What’s more, while the NFL and NHL players competed for this perverse honour, the future players of the leagues were watching those shows and joining the cult of “the big hit”. These children looked up to the pros, as most young children are wont to do, and celebrated those hits, wanting to emulate their heroes. In addition, many coaches at all levels of either game were supporting these dangerous hits. These hits were simply seen as a part of football and hockey culture. When the opportunity presented itself, a player was supposed to go for the head. In a recent interview with GQ Magazine, James Harrison, the often-fined linebacker of the NFL’s Pittsburgh Steelers, claimed, “That’s what we’re told by coach… ‘blow through the guy, not to him’. When the fines came down he said, ‘Don’t change a damn thing. You’re doing it the way we do it on this team.’”

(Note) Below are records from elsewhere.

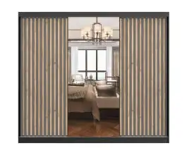 Kleiderschrank / Schiebetürenschrank | Voras 28 | Grau / Schwarz | Spiegel | 2 Türen | 8 Fächer | 250 x 215 x 61 cm | Kleiderstange | 3 Schublade
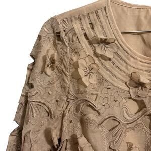 BCBGMaxAzria Tan Floral Appliqué Laser Cut Silk Blend Short Sleeve Top M
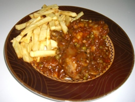 Cover and cook gently for 30 minutes. Add mushrooms and peas. Cook for a further 15 minutes and serve with chips or mashed potatoes.
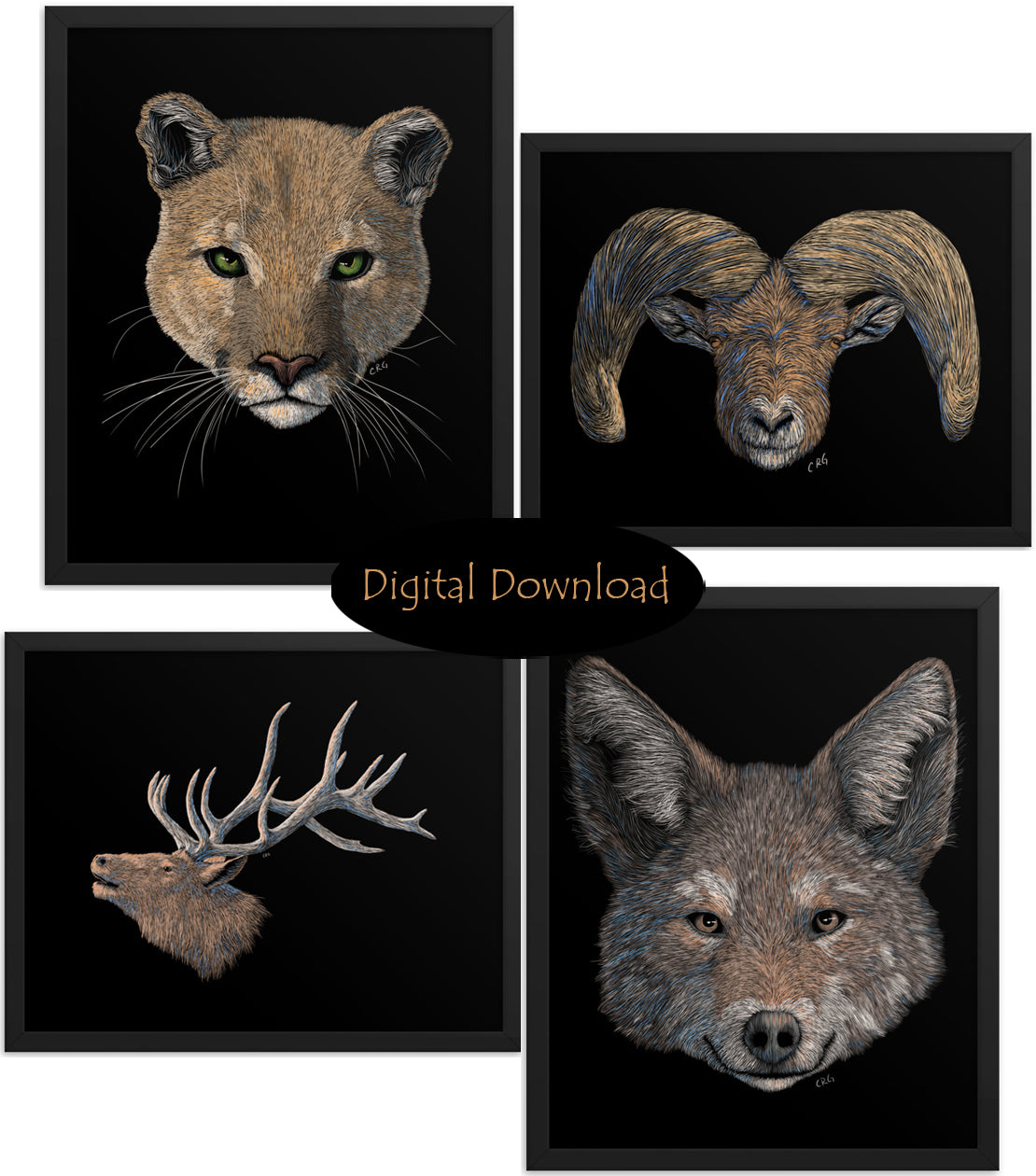 -You'll get 4 unique drawings of some of the beautiful wildlife that can be found in the Grand Canyon--a mountain lion, a bighorn sheep, an elk, and a coyote.
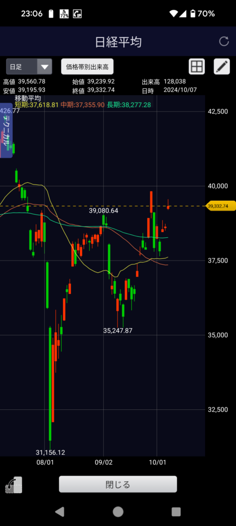 ちなみに6日終わった時点で日経平均はこんな感じ。初日暴落した分は翌日以降戻し。これからに期待でしょうか?
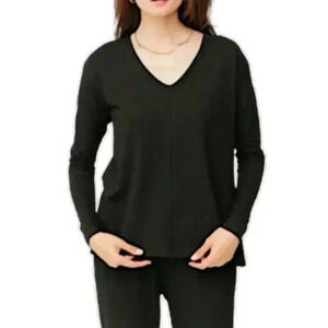 Smash + Tess Perfect V Long Sleeve Top Midnight Black Bamboo Women's size Small
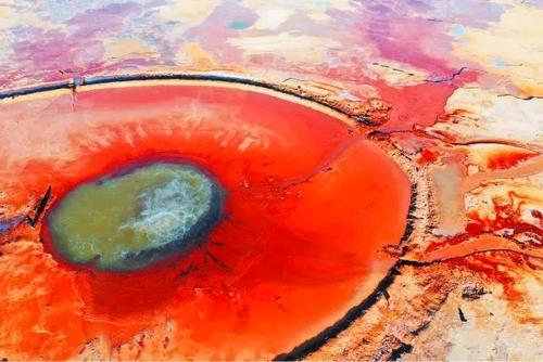 隨后我們前往阿拉爾草原深處去探索一方汩汩噴涌了上千年的地熱噴泉——【“惡魔之眼”艾肯泉】?!鞍稀痹诿烧Z中意為“可怕”,而“艾肯泉”在蒙語中又意為“源頭”,因其湖水成分艾肯泉周圍寸草不生且形成了一個紅褐色的圓形,正中央便是汩汩而出的泉水,這便形成了一個巨大的“眼睛”,被人稱為“大地之眼”。從空中俯瞰航拍,這巨大的眼睛脈絡(luò)清晰,栩栩如生,在它周圍點綴著許多青色的小泉眼,神秘而震撼;除了其令人驚奇的血色眼睛造型,艾肯泉還有神奇的“喊泉”屬性,據(jù)說站在岸邊朝它大喊,或者是在岸邊跺跺腳,噴泉口的水流量就會加大,會噴涌得更高。
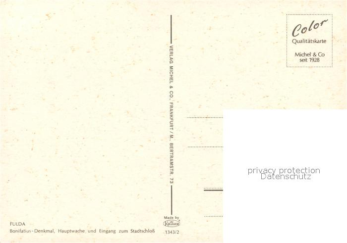 73271683 Fulda Bonifatius Denkmal Stadtschloss postalisch nicht gelaufen Erhaltung siehe scans [KathaD81] KatCode: 11110006631009
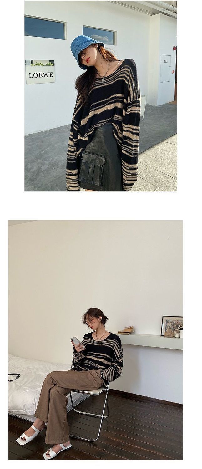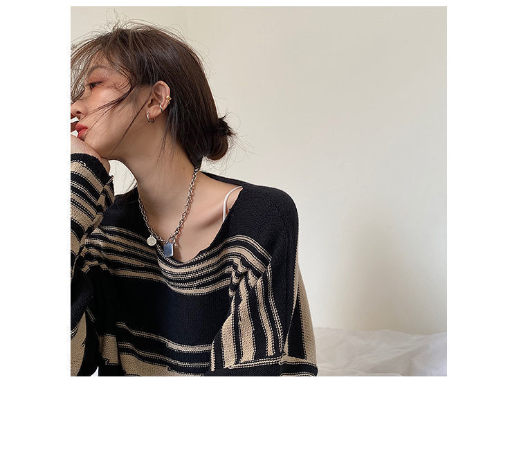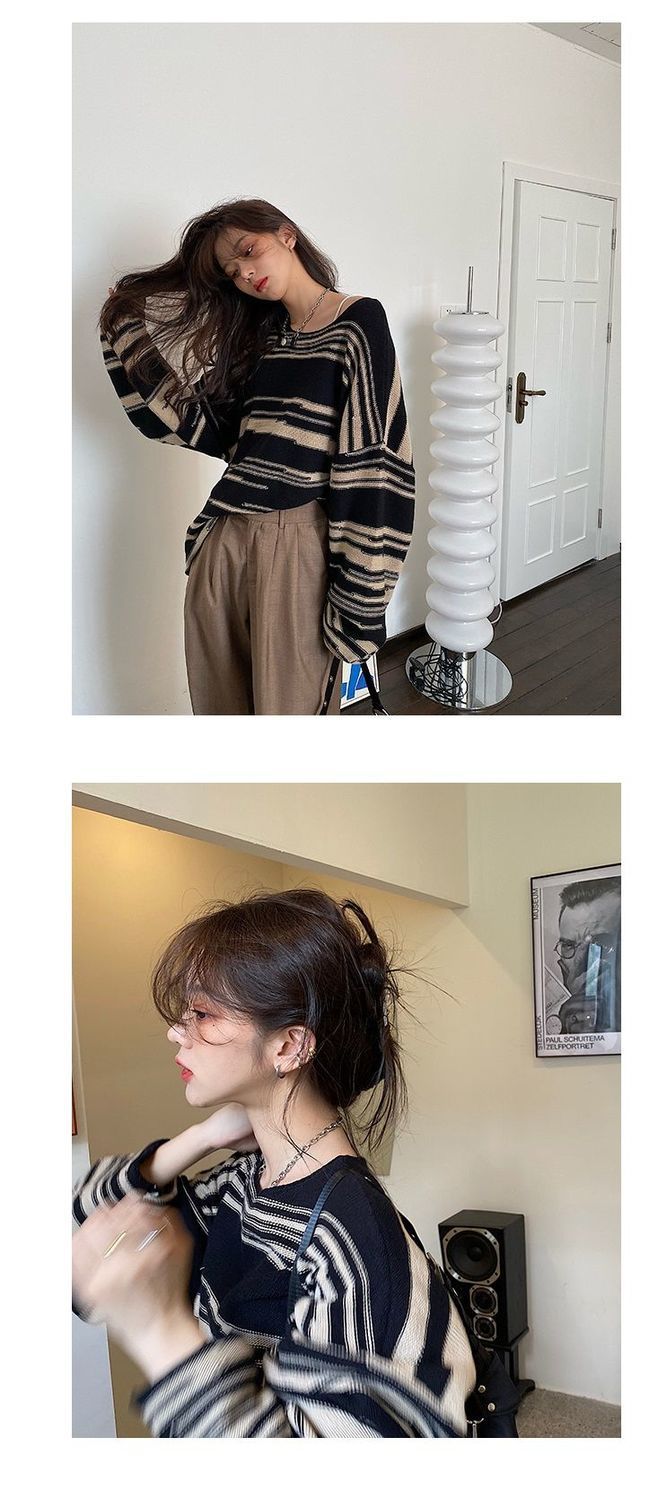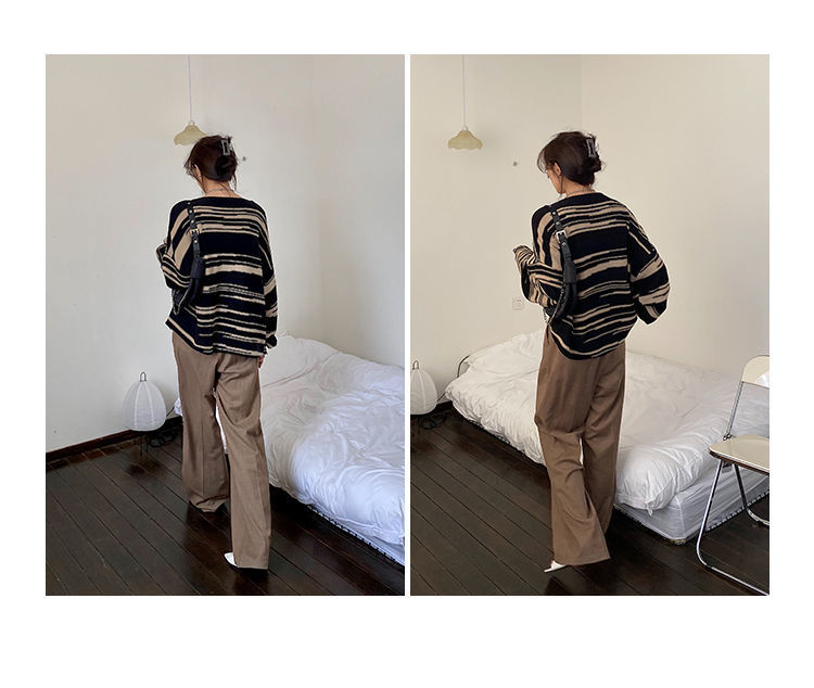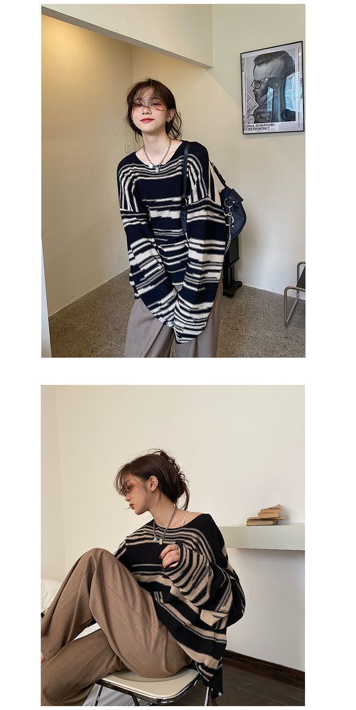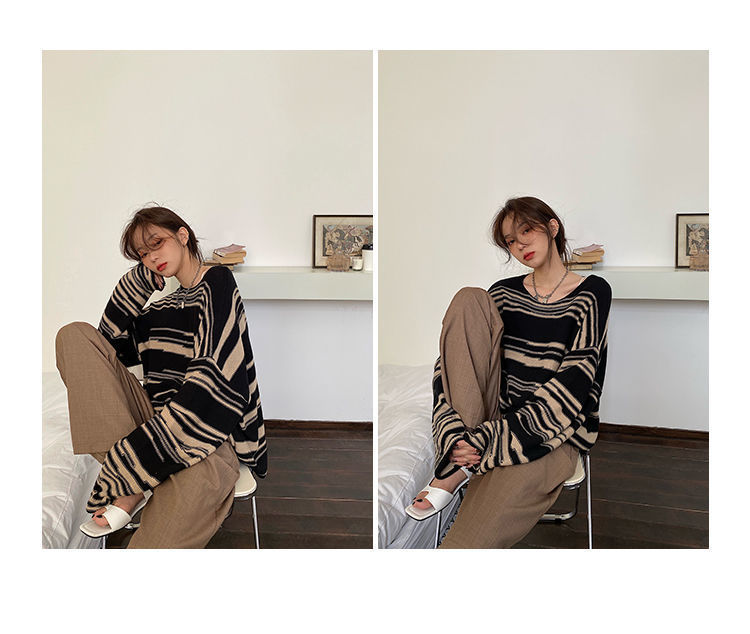 【韩系ins慵懒风条纹毛衣】2023秋冬新款 圆领宽松薄款针织套头衫 宽松版型休闲舒服

Now, each league is desperately trying to change the rules and, consequently, their culture. They want to kill the monster they created, and the players, as well as staunch traditionalists, are having a hard time coping. The players are struggling to balance competitiveness with safety. There have been instances in both sports where players have passed up tackles or checks in an apparent decision to avoid a penalty or fine, while, in other cases, players are upset with calls being made on hits that they think are normal or just ‘part of the game.’ Overall, it seems like the real issue is inconsistency when it comes to calls: some hits get fines while others don’t, and the players are acting out.

Brooks Laich, a forward for the NHL’s Washington Capitals, recently claimed that he doesn’t “care about all that [concussion] awareness crap…This is what we love to do, guys love to play, they love to compete… How can you take that away from somebody?… We accept that there are going to be dangers when we play this game…sometimes it feels as if we’re being babysat a little too much.” The old guard of each sport cry out against what they perceive as the ‘wuss-ification’ of the league. Don Cherry’s first “Coach’s Corner” segment of the season played a highlight reel of crushing hits by former NHL star Scott Stevens, and Cherry asked how many games he would be suspended in with today’s new rules. As the clips rolled, Cherry ranted, “Hall of Famer, we used to love this guy, we used to say ‘what a hitter’… How many games would you give him for this [hit]? Enjoy this folks, because you’re never ever gonna see it again. Never… It’s ridiculous, what they’ve done. The players will not hit. Guaranteed!” This profusion of passionate admiration came in a response to clips of hits that left the opposing players lying on the ice, dazed, and, most likely, concussed. In fact, one of the clips showed a hit that ended the career of the recipient.

He’s right, though, about one thing: the fans and both leagues were in full support of dangerous hits, creating a big hit fetish that was instilled into the players’ psyche. They’ve now turned their back on hits because of the pressure they receive in today’s hyper-aware, safety conscious culture. Right now, the players are struggling to adapt to the limits that have been put on their style of play and the way they were trained to play the game. The NHL and NFL will continue to fight these issues, but they won’t be wiped out of the game for quite some time, at least not until the first generation of players who have grown up in this new, safety conscious reality reach the pros.